Start of Available data
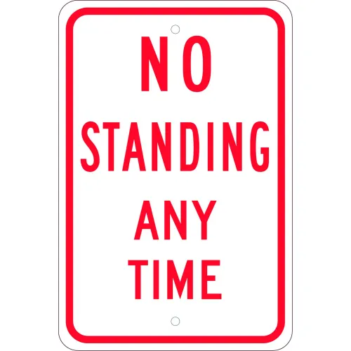 NMC TM098K Traffic Sign, No Standing Anytime, 18" X 12", White
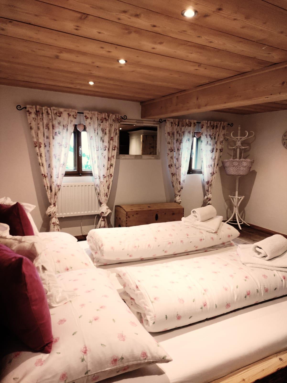 1 Familienzimmer (2 Etagen) mit eigenem Badezimmer mit Dusche/WC.
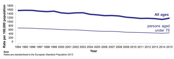 - Age-standardised death rates fell by 12 per cent between 2005 and 2015 for all ages and by 17 per cent for people aged under 75.
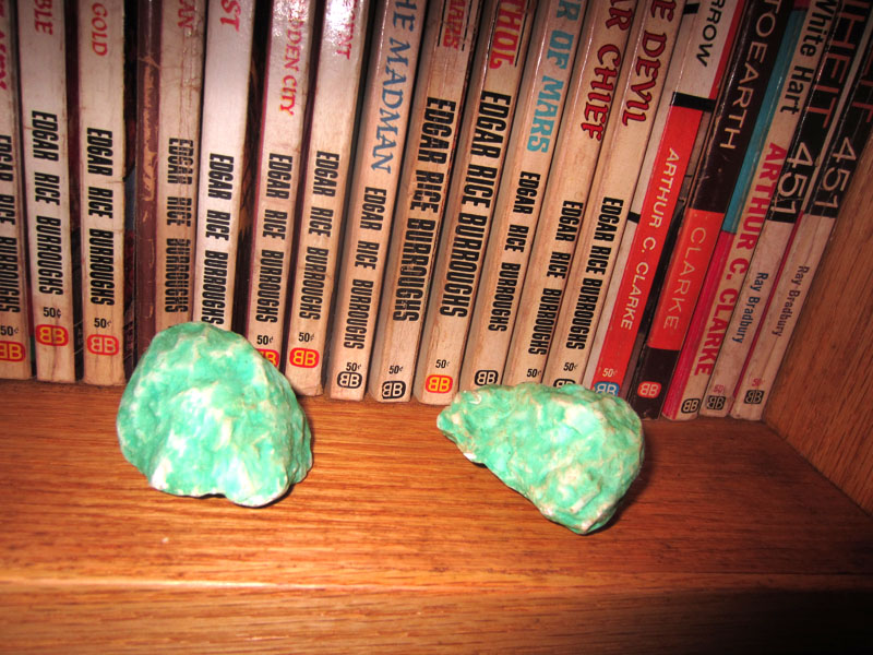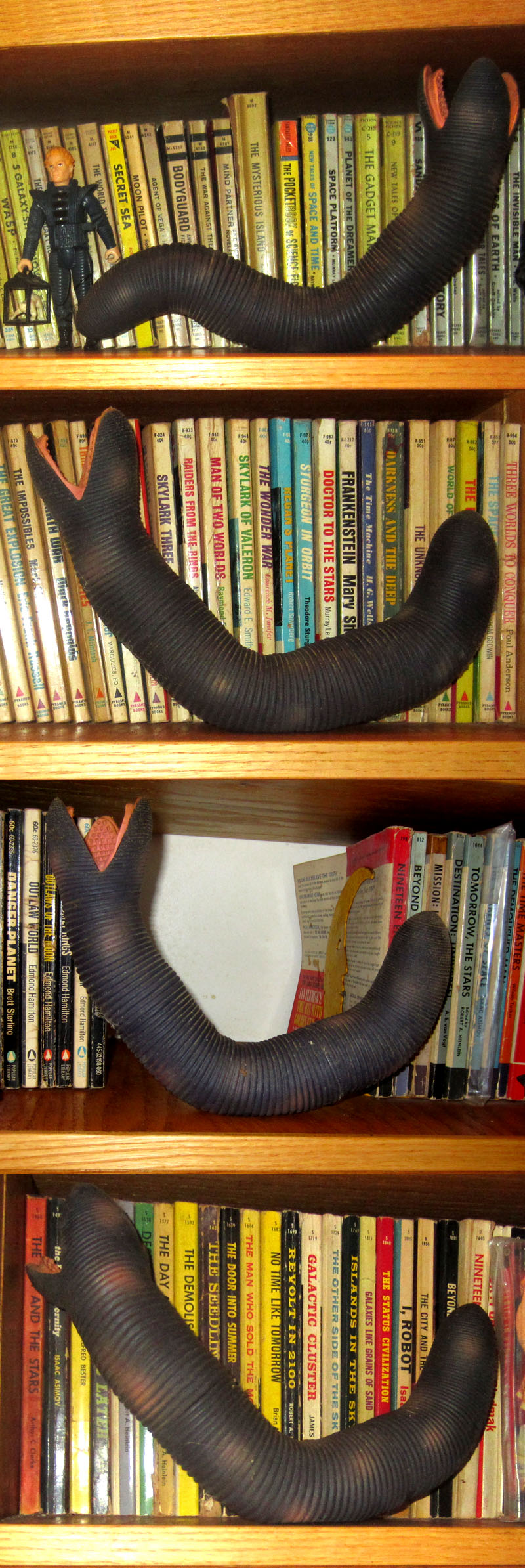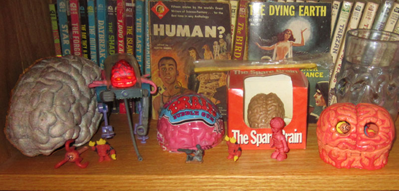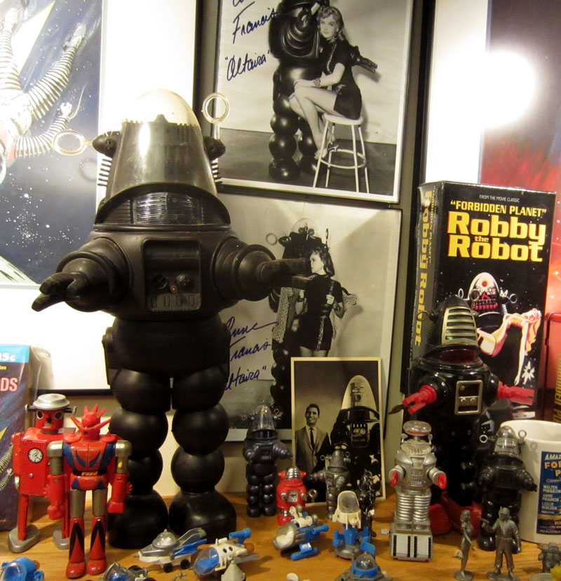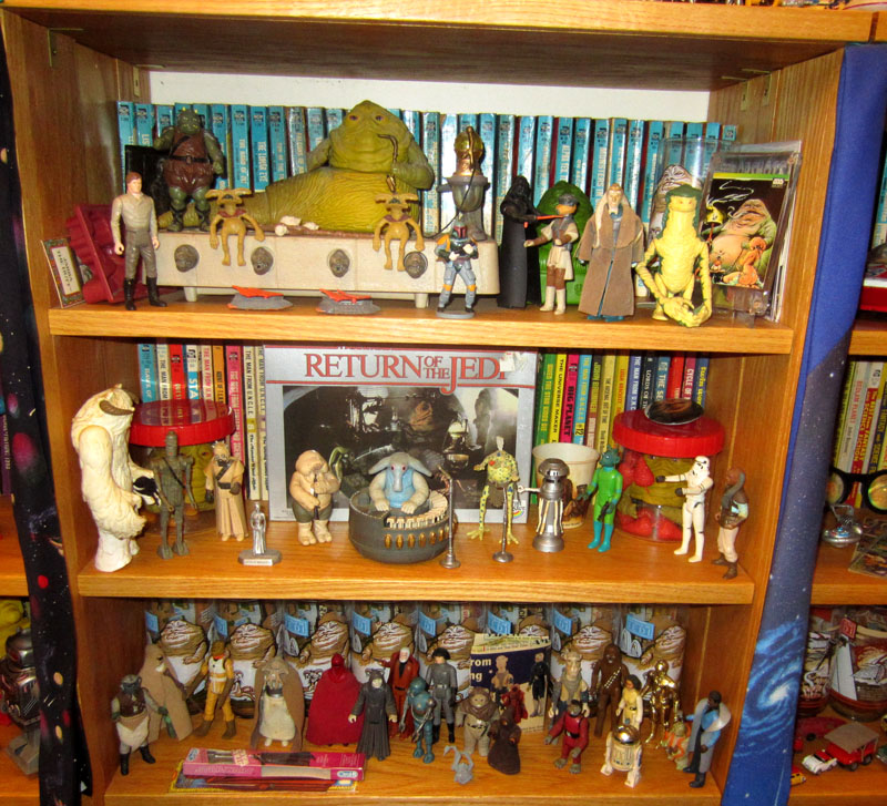 To help me return the room to man-cave status, Mary, the saint, did what she's done more than a few times over the past 20-odd years: she dusted every single one of the hundreds of tiny space-shuttles, flying saucers, aliens, super-heroes, Star Wars figurines, ray guns, sand worms of Arrakis, rocket ships, moon globes, robots, space brains, Godzillas, moon rocks, pieces of Kryptonite, and even the mechanical arm that grasps my two graduation tassels. What a trooper! By now she's touched my toys more times than I ever have. She's even learned which of the toys belong together. However, more than once during that week Mary said, "Don't you go and die and leave me with all this crap!"
End of Available data
[Problem requirements]: Give every line of the listing above again, exactly, with no images.

[Your response]:
 NMC TM098K Traffic Sign, No Standing Anytime, 18" X 12", White
 1 Familienzimmer (2 Etagen) mit eigenem Badezimmer mit Dusche/WC.
 - Age-standardised death rates fell by 12 per cent between 2005 and 2015 for all ages and by 17 per cent for people aged under 75.
 To help me return the room to man-cave status, Mary, the saint, did what she's done more than a few times over the past 20-odd years: she dusted every single one of the hundreds of tiny space-shuttles, flying saucers, aliens, super-heroes, Star Wars figurines, ray guns, sand worms of Arrakis, rocket ships, moon globes, robots, space brains, Godzillas, moon rocks, pieces of Kryptonite, and even the mechanical arm that grasps my two graduation tassels. What a trooper! By now she's touched my toys more times than I ever have. She's even learned which of the toys belong together. However, more than once during that week Mary said, "Don't you go and die and leave me with all this crap!"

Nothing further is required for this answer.